The amendments envisage a reduction in social contributions from the current 35.09 percent to 34.09 percent – by 0.5 percentage points for both employers and employees. Thus, the contribution rate for the employer is planned to be 23.59 percent, but for the employee – 10.50 percent.
The amendments also envisage the introduction of the minimum object of mandatory state social insurance contributions from next year – from the amount of the minimum wage, which is planned in the amount of 500 euros from next year. The minimum social contributions are planned to be 170 euros per month.
It is envisaged that the minimum social tax will have to be paid quarterly from three minimum wages. If a person will work for several employers or will be both self-employed and an employee at the same time, the declared income will be added together. If they are less than three minimum wages in a quarter, the difference between the paid social tax and the minimum tax will be covered by the employer from his own funds, the bill provides.
If a person will work for several employers, then it is planned that employers will pay the mandatory minimum social contributions in proportion to how much and with what salary a person works for each employer.
From July 2021, the contribution rate for pension insurance by the self-employed is set at 10 percent of income instead of the current five percent.

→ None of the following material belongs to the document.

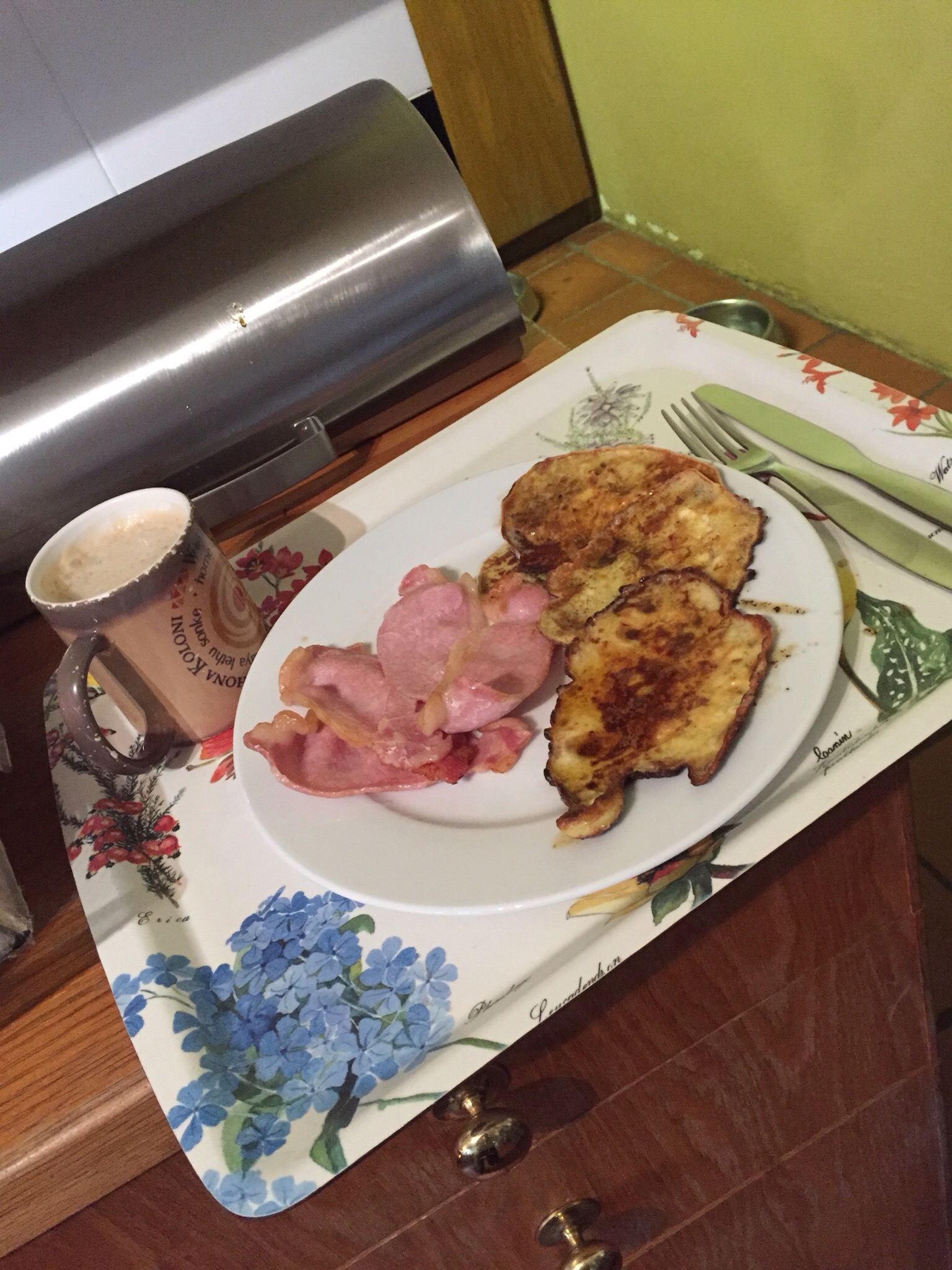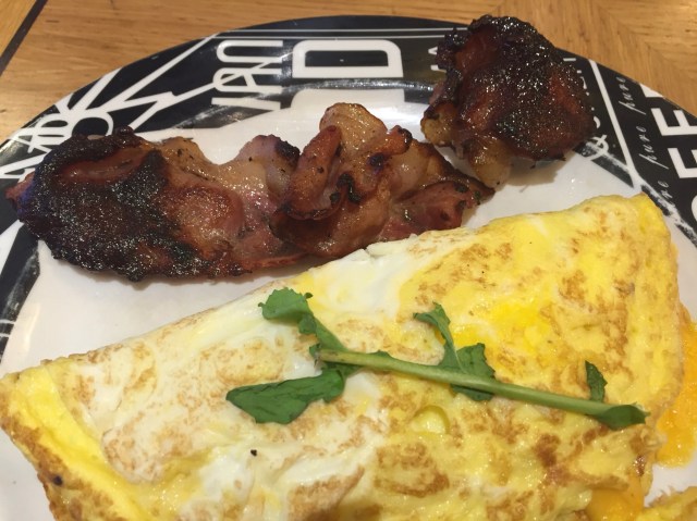 They brought a gorgeous hot latte to me and I ordered a cheese omelette with crispy bacon on the side.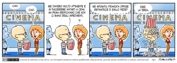Sid: Ciao. – Ragazza: Ciao. – Sid: Sei davvero molto attraente e mi piacerebbe invitarti a cena, ma prima verifichiamo che non ci siano degli impedimenti. – Sid: Sei sposata, fidanzata oppure estimatrice di Emilio Fede? – Sid: Direi la terza.

For the self-employed, whose monthly income will not reach the minimum wage, mandatory contributions are also provided in the amount of 10 percent of the pension insurance from the minimum wage.
Those self-employed whose income exceeds the minimum wage will have to make mandatory contributions for the self-employed specified types of insurance at least from the minimum wage and in the amount of 10 percent of the income difference. Upon reaching the income of 20,004 euros per year, mandatory contributions will have to be made from the excess part, but from 2023 – mandatory contributions from the entire income, the amendments envisage.
It is also envisaged that from 1 July next year, a socially insurable person as a self-employed person will be a micro-enterprise taxpayer, while employees of a micro-enterprise will be insurable as employees in accordance with the general procedure.
The amendments stipulate that the minimum mandatory contributions will not apply to convicts employed in the place of serving a custodial sentence, persons who have reached retirement age or have been granted an old-age pension, persons with group 1 and 2 disabilities, persons with a child registered in the payroll tax book. up to the age of three or persons who are studying, working in a social enterprise or providing an assistant service.
The self-employed person will not be able to pay the minimum contributions if he or she has been granted the status of a needy person. Also, the minimum contributions will not have to be made for seasonal agricultural workers, as well as for employees of a foreign employer, the amendments provide.
It is planned to introduce minimum mandatory contributions in order to ensure a sustainable state social insurance policy, stipulating that for all taxpayers who actively participate in economic life, mandatory contributions would be made at least at the level of minimum mandatory contributions. It would also prevent the use of an exceptional model of different tax regimes for tax optimization, according to the annotation of the draft law.
The Saeima has yet to decide on amendments to the law in the second – final – reading. It is planned that the changes will take effect on January 1, 2021.